■ **What needs to be done**:
Restate the following data in its entirety, word for word and without images.

■ **Supplied data**:
'''

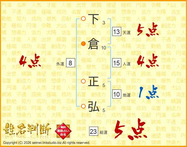 あなたの人生を表す1番重要な運勢です。生涯を通じて影響する総合運となり、主に50歳以降の晩年期に影響を及ぼします。苗字と名前の合計画数。
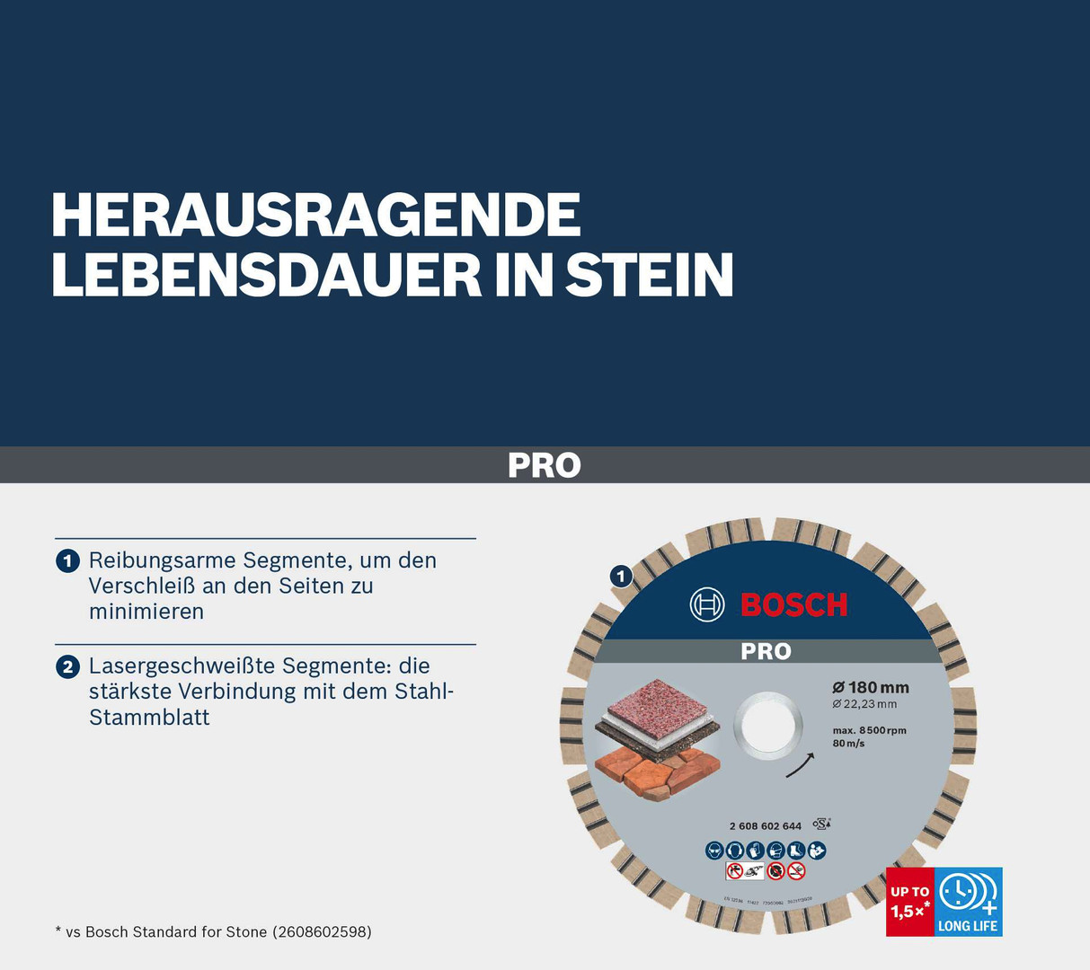 Herausragende Lebensdauer in Stein! Reibungsarme Segmente, um den Verschleiß an den Seiten zu minimieren Diamant-Trennscheiben haben die Arbeit mit Stein einfacher gemacht als früher. Ein guter Baustein ist jedoch eine Herausforderung für dein Zubehör. Maurer, die heute mit Stein arbeiten, profitieren von der PRO Stone, einer Diamant-Trennscheibe mit hervorragender Lebensdauer und ausgezeichneter Schnittleistung.
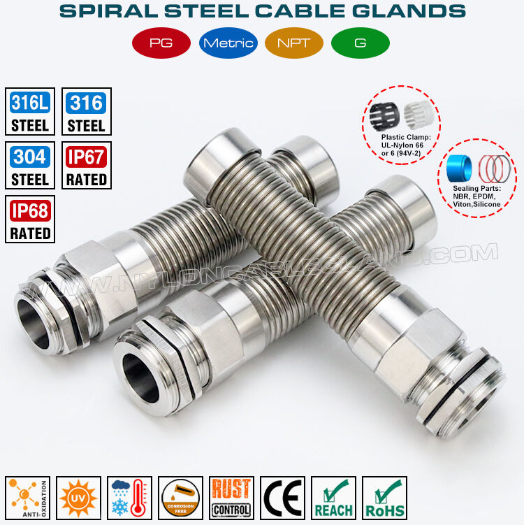 Οι εύκαμπτοι στυπιοθλίπτες καλωδίων από ανοξείδωτο χάλυβα (επίσης γνωστοί ως σπειροειδείς στυπιοθλίπτες καλωδίων από ανοξείδωτο χάλυβα) είναι προστατευτικά εξαρτήματα που χρησιμοποιούνται στη σύνδεση μεταξύ καλωδίων και εξοπλισμού. Τα κύρια χαρακτηριστικά τους περιλαμβάνουν την αποτροπή υπερβολικής κάμψης του καλωδίου, την παροχή αδιάβροχης στεγανοποίησης και την κατασκευή τους από ανοξείδωτο χάλυβα. Χρησιμοποιούν ένα ειδικό ελατήριο ή εύκαμπτη δομή για να απορροφούν και να κατανέμουν την τάση στο καλώδιο στην έξοδο, εξασφαλίζοντας παράλληλα τη στεγανοποίηση και τη σταθερότητα της σύνδεσης του καλωδίου. Αποτελούνται από ένα σώμα από ανοξείδωτο χάλυβα, ένα σπειροειδές προστατευτικό, μια στεγανοποίηση, ένα πλαστικό ένθετο, έναν δακτύλιο ο και ένα ασφαλιστικό παξιμάδι.
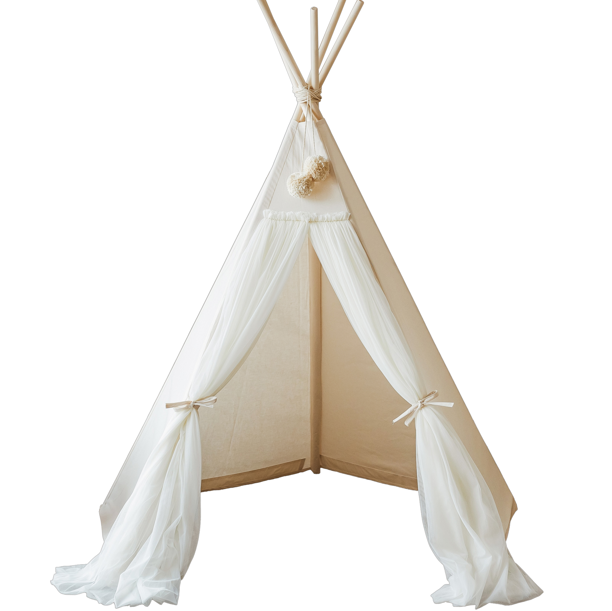 GREAT QUALITY. The children's teepee is made from unbleached natural 100% OEKO-TEX certified cotton and natural wood poles, featuring royal tulle (100% Polyester) entrance.

'''

■ **Exercise result**:
 あなたの人生を表す1番重要な運勢です。生涯を通じて影響する総合運となり、主に50歳以降の晩年期に影響を及ぼします。苗字と名前の合計画数。
 Herausragende Lebensdauer in Stein! Reibungsarme Segmente, um den Verschleiß an den Seiten zu minimieren Diamant-Trennscheiben haben die Arbeit mit Stein einfacher gemacht als früher. Ein guter Baustein ist jedoch eine Herausforderung für dein Zubehör. Maurer, die heute mit Stein arbeiten, profitieren von der PRO Stone, einer Diamant-Trennscheibe mit hervorragender Lebensdauer und ausgezeichneter Schnittleistung.
 Οι εύκαμπτοι στυπιοθλίπτες καλωδίων από ανοξείδωτο χάλυβα (επίσης γνωστοί ως σπειροειδείς στυπιοθλίπτες καλωδίων από ανοξείδωτο χάλυβα) είναι προστατευτικά εξαρτήματα που χρησιμοποιούνται στη σύνδεση μεταξύ καλωδίων και εξοπλισμού. Τα κύρια χαρακτηριστικά τους περιλαμβάνουν την αποτροπή υπερβολικής κάμψης του καλωδίου, την παροχή αδιάβροχης στεγανοποίησης και την κατασκευή τους από ανοξείδωτο χάλυβα. Χρησιμοποιούν ένα ειδικό ελατήριο ή εύκαμπτη δομή για να απορροφούν και να κατανέμουν την τάση στο καλώδιο στην έξοδο, εξασφαλίζοντας παράλληλα τη στεγανοποίηση και τη σταθερότητα της σύνδεσης του καλωδίου. Αποτελούνται από ένα σώμα από ανοξείδωτο χάλυβα, ένα σπειροειδές προστατευτικό, μια στεγανοποίηση, ένα πλαστικό ένθετο, έναν δακτύλιο ο και ένα ασφαλιστικό παξιμάδι.
 GREAT QUALITY. The children's teepee is made from unbleached natural 100% OEKO-TEX certified cotton and natural wood poles, featuring royal tulle (100% Polyester) entrance.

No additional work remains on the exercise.